Heterozygous variants in SPTBN1 cause intellectual disability and autism

Abstract

Spectrins are common components of cytoskeletons, binding to cytoskeletal elements and the plasma membrane, allowing proper localization of essential membrane proteins, signal transduction, and cellular scaffolding. Spectrins are assembled from α and β subunits, encoded by SPTA1 and SPTAN1 (α) and SPTB, SPTBN1, SPTBN2, SPTBN4, and SPTBN5 (β). Pathogenic variants in various spectrin genes are associated with erythroid cell disorders (SPTA1, SPTB) and neurologic disorders (SPTAN1, SPTBN2, and SPTBN4), but no phenotypes have been definitively associated with variants in SPTBN1 or SPTBN5. Through exome sequencing and case matching, we identified seven unrelated individuals with heterozygous SPTBN1 variants: two with de novo missense variants and five with predicted loss-of-function variants (found to be de novo in two, while one was inherited from a mother with a history of learning disabilities). Common features include global developmental delays, intellectual disability, and behavioral disturbances. Autistic features (4/6) and epilepsy (2/7) or abnormal electroencephalogram without overt seizures (1/7) were present in a subset. Identification of loss-of-function variants suggests a haploinsufficiency mechanism, but additional functional studies are required to fully elucidate disease pathogenesis. Our findings support the essential roles of SPTBN1 in human neurodevelopment and expand the knowledge of human spectrinopathy disorders.

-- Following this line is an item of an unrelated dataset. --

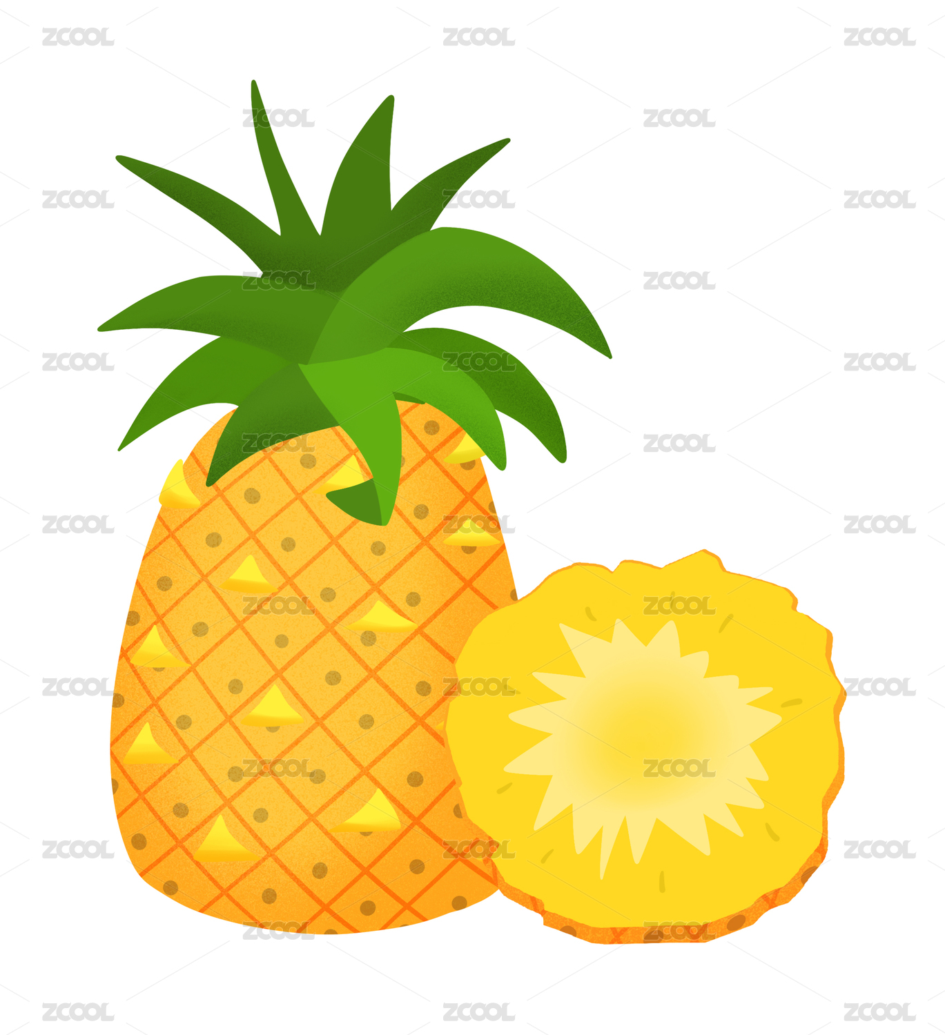 手绘扁平风格菠萝凤梨水果插画商用素材
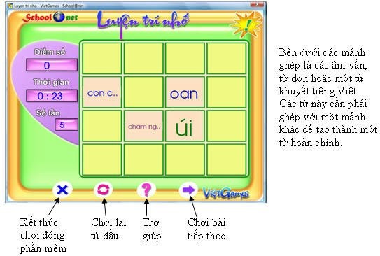 - Luyện trí nhớ 4, 5, và 6 được tích hợp trong CD Việt Games 6.1.

Keywords: SPTBN1; neurodevelopmental disorder; spectrin; spectrinopathy.

Figure 1.. Location of identified variants within SPTBN1 protein domains.

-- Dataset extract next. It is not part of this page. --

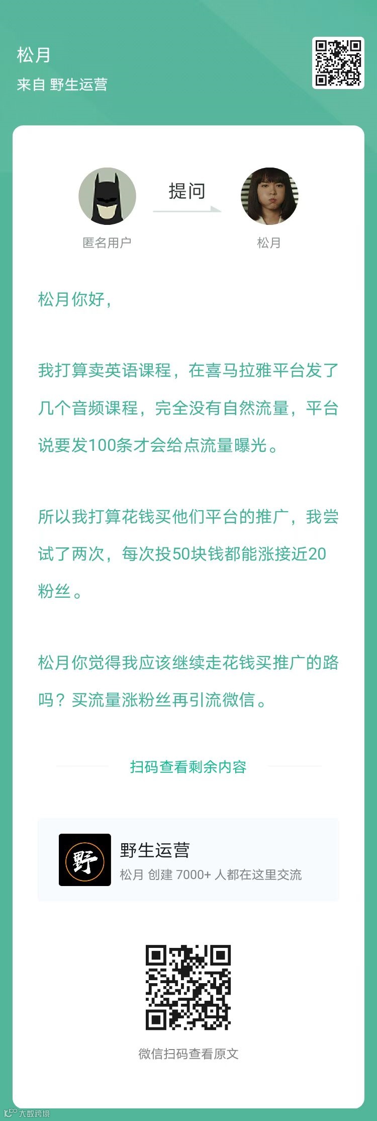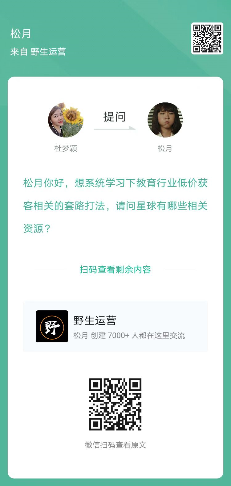 7、提问:想系统学习下教育行业低价获客相关的套路打法,请问星球有哪些相关资源?(扫码查看全文)
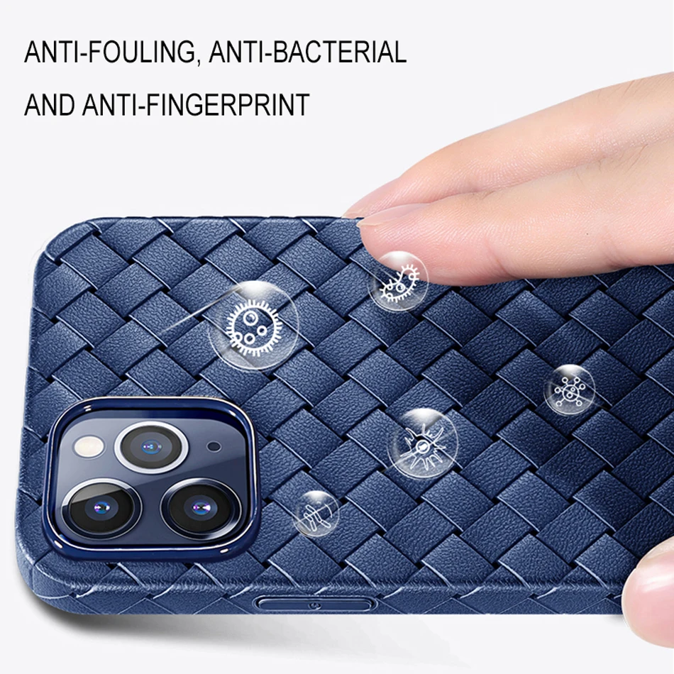 Feature 1Woven Leather Case For iPhone 13 12 11 Pro Max XS X XR 7 8 Plus Capinhas

(A) Schematic of βII spectrin illustrating location of protein domains and variants, with coding variants above the schematic and predicted splicing variants shown below. Red circles indicate predicted loss-of-function variants, while purple circles indicate missense variants. Two previously reported de novo variants indentified in males with autism spectrum disorder (Iossifov et al., 2014) are represented by gray, italicized text. CH = calponin homology domain; PH = plekstrin homology domain; aa = amino acids. (B) Residues affected by missense variants in individuals 1 and 2 are conserved across vertebrate species (obtained from UCSC Genome Browser, genome.ucsc.edu). (C-D) Visualization of wild-type aspartic acid at amino acid 1881 (light green, C) and its replacement by asparagine (light green, D). This residue is within the 15^th spectrin repeat, near the site of ankyrin binding. Visualization is from DynaMut (Rodrigues, Pires, & Ascher, 2018), based on the crystal structure of the 14^th-16^th spectrin repeats (3EDV from Protein Data Bank, rcsb.org). Crystal structure for the second calponin homology domain, where individual 1’s missense variant is located, was not available in Protein Data Bank.

Figure 2.. Physical features of individuals with SPTBN1 variants.

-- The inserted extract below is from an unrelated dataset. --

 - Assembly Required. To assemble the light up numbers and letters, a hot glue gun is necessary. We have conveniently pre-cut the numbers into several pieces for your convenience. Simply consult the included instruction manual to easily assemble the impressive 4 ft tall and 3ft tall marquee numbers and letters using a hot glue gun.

(A-B) Individual 1 at 25 years of age. Note broad forehead and tapered fingers. (C-D) Individual 5 at 4 years of age. Note flat nasal bridge, uplifted earlobes, and fetal finger pads. (E-G) Individual 6 at 10 years of age. Note suspected shortened fourth and fifth metacarpals, hypoplastic nails, and hypoplastic fifth toe. (H) Individual 7 at 4 years of age.